* DATASET EXTRACT *
○ ○ ○

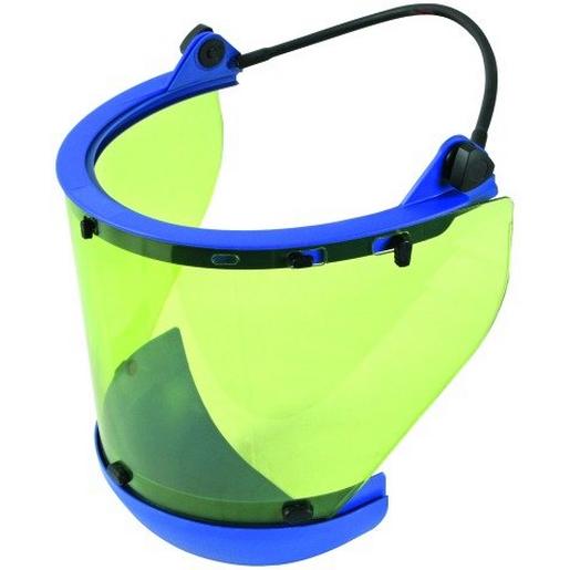 Störlichtbogengeprüfter Schutzschirm DEHNcare APS mit Spannband und Kinnschutz für Wartungs- und Instandhaltungsarbeiten an elektrischen Anlagen. Passend für alle gängigen Elektriker-Schutzhelme. Zertifiziert nach den Anforderungen der PSA-Verordnung (EU) 2016/425 zum Inverkehrbringen der persönlichen Schutzausrüstung. Hoher Tragekomfort. Hohe Schutzwirkung und geringer Verschleiß durch energieabsorbierende Nanopartikel. Beste Sicht durch Antibeschlag ? Beschichtung und hoher Lichtdurchlässigkeit. Störlichtbogengeprüft nach BG-Prüfgrundsatz GS-ET-29: Klasse 2 mit 423 kJ / m2 und ASTM F2178: 12 cal / cm2
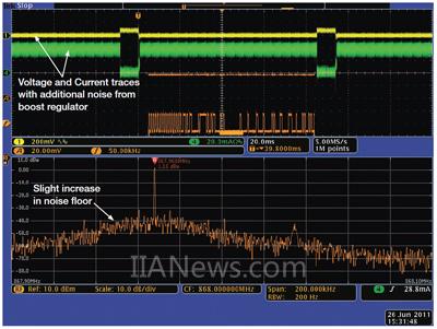 圖6. 使用升壓轉(zhuǎn)換器的電源和電路板噪聲
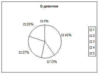 Как видно из результатов обследования, представленных на диаграмме Б рисунка №6 ни у одной из школьниц осенью не было высокого уровня показателя ИС и к тому же на 7% уменьшилось количество девочек со средней оценкой индекса Скибинского, кроме того увеличилось на 7% количество детей с низкой оценкой ИС и на 6% с оценкой выше среднего. То есть осенью у 47% девочек 11 лет наблюдались недостаточные функциональные возможности дыхательной и сердечно-сосудистой систем, что может быть обусловлено либо возросшей учебной нагрузкой и новыми условиями обучения, либо, тем что в начале подросткового периода в связи с половым созреванием замедляется рост сердца и его функциональные возможности могут временно отставать от потребностей растущего тела, также тормозиться прирост легочных объемов и естественно, функциональных возможностей дыхательной системы (Фебер Д.А. и др. 1990г).
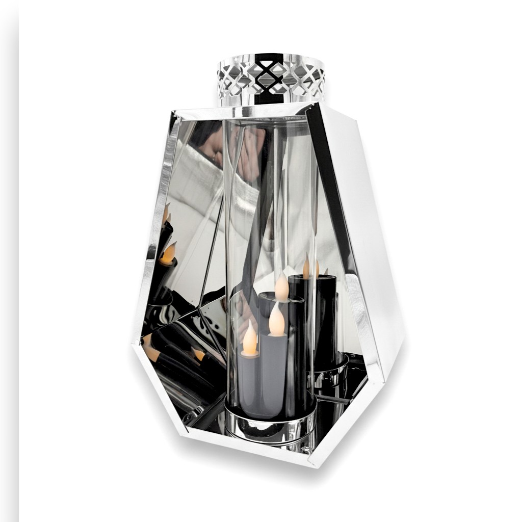 Znicz Romb 35 cm GLAMOUR to nowoczesny lampion nagrobny o wyrazistej, geometrycznej formie. Połączenie połyskującego metalu i szklanej tuby tworzy elegancki efekt światła oraz trwałą, prestiżową dekorację na cały rok.
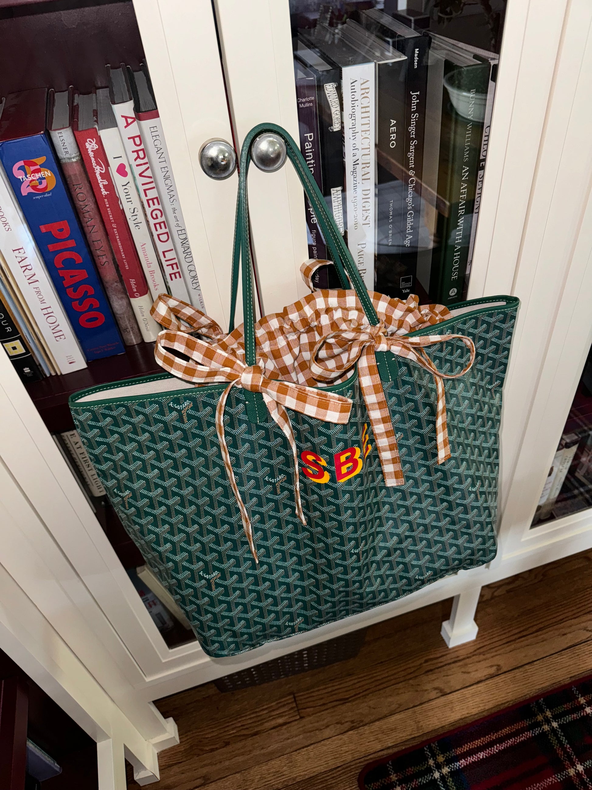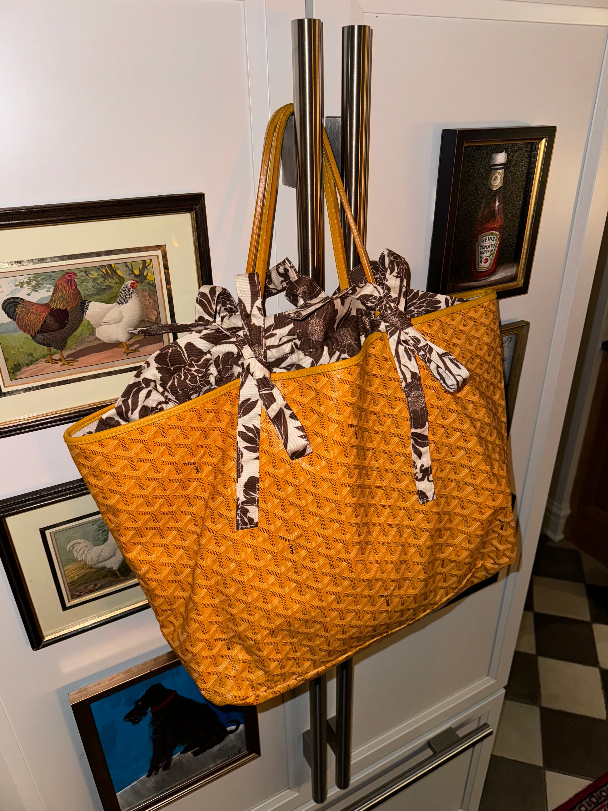 Our insert will fit any open top tote bag with approximate measurements of 14"h x 16"w x 6"d. The liner will adjust within 2" of this measurement. Please email us at hello@tigredetartan.com if you have any questions about fit. Examples of compatible bags: LLBean open top Boat and Tote (large), Lands End open top canvas tote (medium), Goyard St. Louis GM, Louis Vuitton Neverfull GM, Dior Book Tote (large), Gucci Jumbo GG tote bag (large), Bottega Veneta Arco Tote (large), Chloe Woody Tote (large)
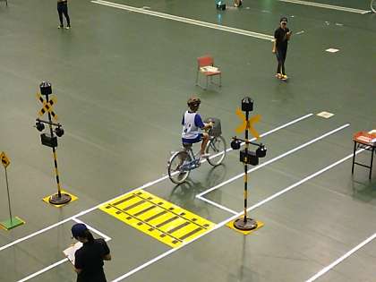 6月30日(土)に大阪府立体育館で開催された「交通安全子供自転車大阪府大会」に本校の6年生2名と5年生3名が参加しました。約1か月間、学習と練習を重ね、交通ルールに関する学科テストと自転車の運転マナーやハンドル捌きの技術を問う実技テストにチャレンジしました。初めての大舞台で緊張したのか、普段の力を十分に発揮できず、入賞することが叶わなくて、とても残念でしたが、沢山の大切な学びや経験ができたと思います。5年生のメンバーには来年もぜひ東成区の代表として出場してほしいと思っています。(校長)
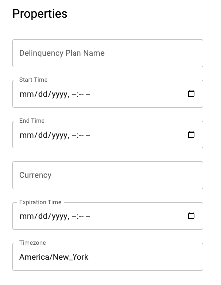 hideDefaultFields (boolean, optional): If true, default fields such as start and end time, delinquency plan name, etc., are not displayed in the form.
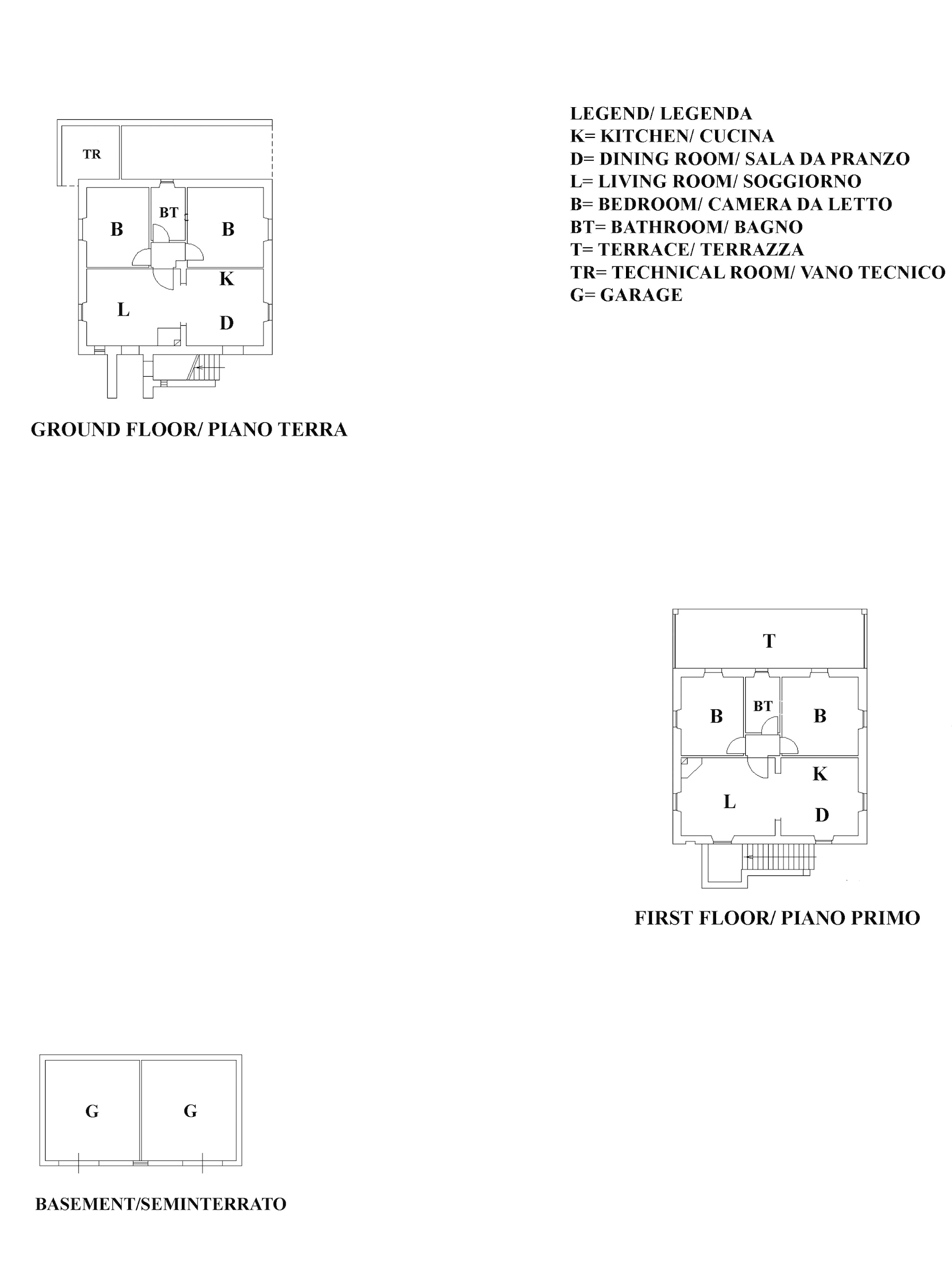 on the ground floor there is the first apartment, which houses an open-space with kitchen, dining area with external access, living area with fireplace, 2 bedrooms with external access and a bathroom.
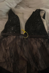 This comes with built in shorts which I wasn’t expecting, also mesh on the sides and front which wasn’t clearly depicted in the photos. It’s a gorgeous gown though, comfortable and flattering.

○ ○ ○

* WHAT THE TASK REQUIRES *
Copy nothing but the lines above that run from the one with "圖6. 使用升壓轉(zhuǎn)換器的電源和電路板噪聲" to the one with "hideDefaultFields (boolean, optional): If", ends included; pictures stay out.

* RESULT OF THE TASK *
 圖6. 使用升壓轉(zhuǎn)換器的電源和電路板噪聲
 Как видно из результатов обследования, представленных на диаграмме Б рисунка №6 ни у одной из школьниц осенью не было высокого уровня показателя ИС и к тому же на 7% уменьшилось количество девочек со средней оценкой индекса Скибинского, кроме того увеличилось на 7% количество детей с низкой оценкой ИС и на 6% с оценкой выше среднего. То есть осенью у 47% девочек 11 лет наблюдались недостаточные функциональные возможности дыхательной и сердечно-сосудистой систем, что может быть обусловлено либо возросшей учебной нагрузкой и новыми условиями обучения, либо, тем что в начале подросткового периода в связи с половым созреванием замедляется рост сердца и его функциональные возможности могут временно отставать от потребностей растущего тела, также тормозиться прирост легочных объемов и естественно, функциональных возможностей дыхательной системы (Фебер Д.А. и др. 1990г).
 Znicz Romb 35 cm GLAMOUR to nowoczesny lampion nagrobny o wyrazistej, geometrycznej formie. Połączenie połyskującego metalu i szklanej tuby tworzy elegancki efekt światła oraz trwałą, prestiżową dekorację na cały rok.
 Our insert will fit any open top tote bag with approximate measurements of 14"h x 16"w x 6"d. The liner will adjust within 2" of this measurement. Please email us at hello@tigredetartan.com if you have any questions about fit. Examples of compatible bags: LLBean open top Boat and Tote (large), Lands End open top canvas tote (medium), Goyard St. Louis GM, Louis Vuitton Neverfull GM, Dior Book Tote (large), Gucci Jumbo GG tote bag (large), Bottega Veneta Arco Tote (large), Chloe Woody Tote (large)
 6月30日(土)に大阪府立体育館で開催された「交通安全子供自転車大阪府大会」に本校の6年生2名と5年生3名が参加しました。約1か月間、学習と練習を重ね、交通ルールに関する学科テストと自転車の運転マナーやハンドル捌きの技術を問う実技テストにチャレンジしました。初めての大舞台で緊張したのか、普段の力を十分に発揮できず、入賞することが叶わなくて、とても残念でしたが、沢山の大切な学びや経験ができたと思います。5年生のメンバーには来年もぜひ東成区の代表として出場してほしいと思っています。(校長)
 hideDefaultFields (boolean, optional): If true, default fields such as start and end time, delinquency plan name, etc., are not displayed in the form.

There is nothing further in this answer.